Algenpantucel-L (also known as hyperacute-pancreatic cancer vaccine) consists in 2 irradiated, live, human allogeneic pancreatic cancer cell lines that express murine α-1,3-galactosyltransferase, which is responsible for the synthesis of α-galactosylated epitopes on cell surface proteins. Hardacre et al. presented the results of an open-label, multi-institutional Phase II clinical trial investigating Algenpantucel-L in combination with standard adjuvant chemoradiotherapy for the treatment of resected PDA patients.38 The first cycle of treatment consisted of Algenpantucel-L on days 1 and 8. One week after the second vaccination, gemcitabine was administered weekly for 3 weeks, on days 1, 8, and 15, in conjunction with Algenpantucel-L on days 1 and 15 of cycle 2. Radiotherapy was initiated 1 to 2 weeks after the completion of cycle 2. Vaccination continued along with radiation therapy on days 1, 15, 29, and 43. After a median follow-up of 21 mo, the 12-mo disease-free survival was 62%, and the 12-mo overall survival was 86%. At present, the addition of Algenpantucel-L to standard adjuvant therapy for the treatment of resected PDA patients is being investigated in a Phase III clinical study.

Perspectives

Although clinical trials testing anticancer vaccines in pancreatic cancer patients have generated promising results, most of these studies have failed to demonstrate a robust efficacy and a statistically significant improvement in patient survival. Nonetheless, important lessons have been learned through the experience accumulated in the course of these clinical trials. In some of them, novel TAAs that elicit antitumor immune responses, and hence can be harnessed for the development of novel vaccines, have been identified. Moreover, most of these clinical studies identified a number of critical aspects that must be carefully considered for the design the next generation of cancer vaccines.

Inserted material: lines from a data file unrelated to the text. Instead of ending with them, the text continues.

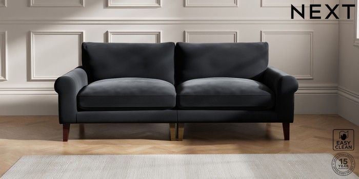 6.12.1 Buy Palermo Relaxed Sit 4 Seater Sofa Plush Velvet Easy Clean Charcoal Grey Tapered - Dark Brown from the Next UK online shop Click here to use our accessible website
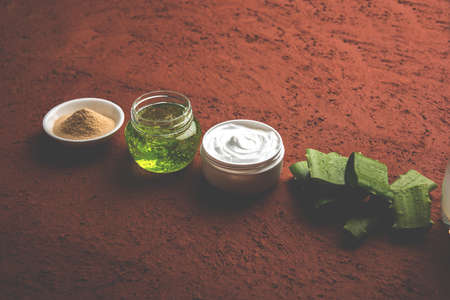 Jars of moisturizing white cream and green aloe gel on a palm leaf. Different moisturizers for different areas of the face on a brown background with copyspace.
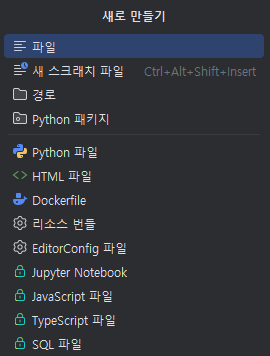 파일을 생성하려는 디렉토리에서 이 단축키를 누르면 아래 이미지와 같이 생성하려는 목록이 나온다.
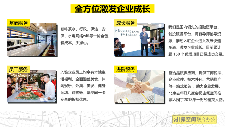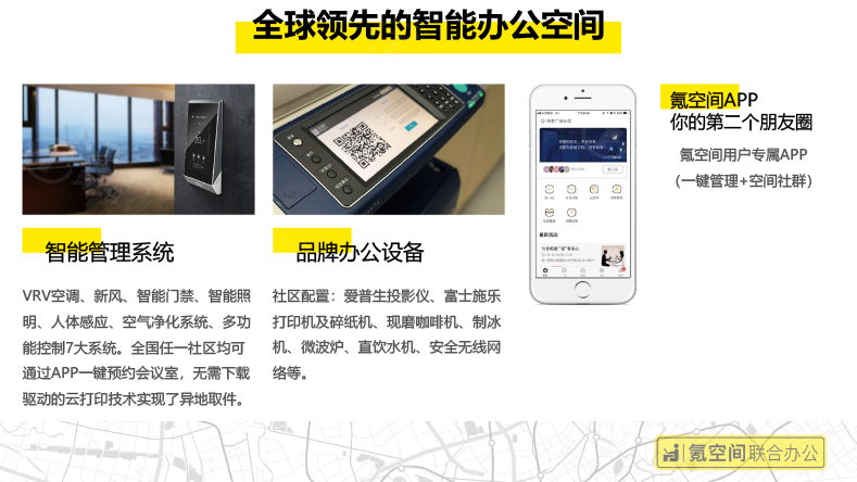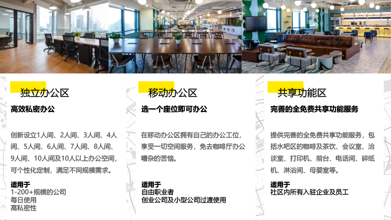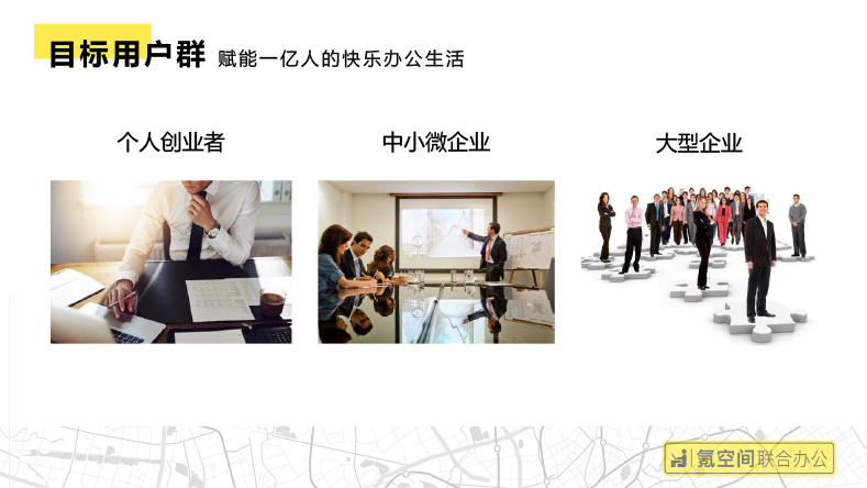 氪空间是以联合办公为载体,社群为纽带的企业服务平台。氪空间从36氪诞生之初就是解决小微团队办公难的问题,使命是“让办公更美好”,以空间产品构建线上线下社群,在提供联合办公空间的基础上,从用户需求出发推出更多围绕办公生态的服务,实现“赋能一亿人的快乐办公生活”的愿景,让联合办公成为城市商业的标配。

Overcoming tolerance to TAAs

Most often, cancer patients have developed a state of immunological tolerance against TAAs. Indeed, although mutated oncogenes may produce neo-antigens, the expression of these potentially antigenic epitopes occurs at a specific stage of tumorigenesis.39 KRAS is mutated in the early stage of pancreatic oncogenesis, implying that the tolerance to mutated KRAS may be established long before invasive PDA develops. KRAS-targeting vaccines may therefore have a potential for the prevention of PDA, but not for the treatment of established pancreatic neoplasms. Along similar lines, vaccines that target other proteins harboring tumor-associated mutations would have difficulty in overcoming the state of immunological tolerance that develops relative to these proteins in patients with established tumors. Recent advances in high throughput genome sequencing may provide the opportunity to develop patient-specific vaccines that target multiple, as opposed to just one, cancer-associated mutant proteins.40

Optimizing the combination of anticancer vaccines with chemotherapy and radiation therapy

Essentially all the clinical trials performed so far to compare anticancer vaccines with standard chemotherapy failed to demonstrate the superiority of the former. Apparently, vaccine therapy would not be able to replace chemotherapy and radiation therapy. Moreover, although recent clinical studied have investigated the sequential administration of anticancer vaccines and chemoradiation, the immunosuppressive effects of these standard antineoplastic regimens may compromise the efficacy of immunotherapy. Therefore, it will be critical to identify an optimal way to combine anticancer vaccination with chemotherapy and/or radiation therapy. It will also be interesting to test vaccines as a maintenance therapy for patients who are grossly disease-free upon, or whose disease is at least stabilized, upon chemotherapy and/or radiation therapy. Prime-boost vaccination strategies, in particular those that use listerial vaccines for boosting, are a promising approach for maintenance therapy.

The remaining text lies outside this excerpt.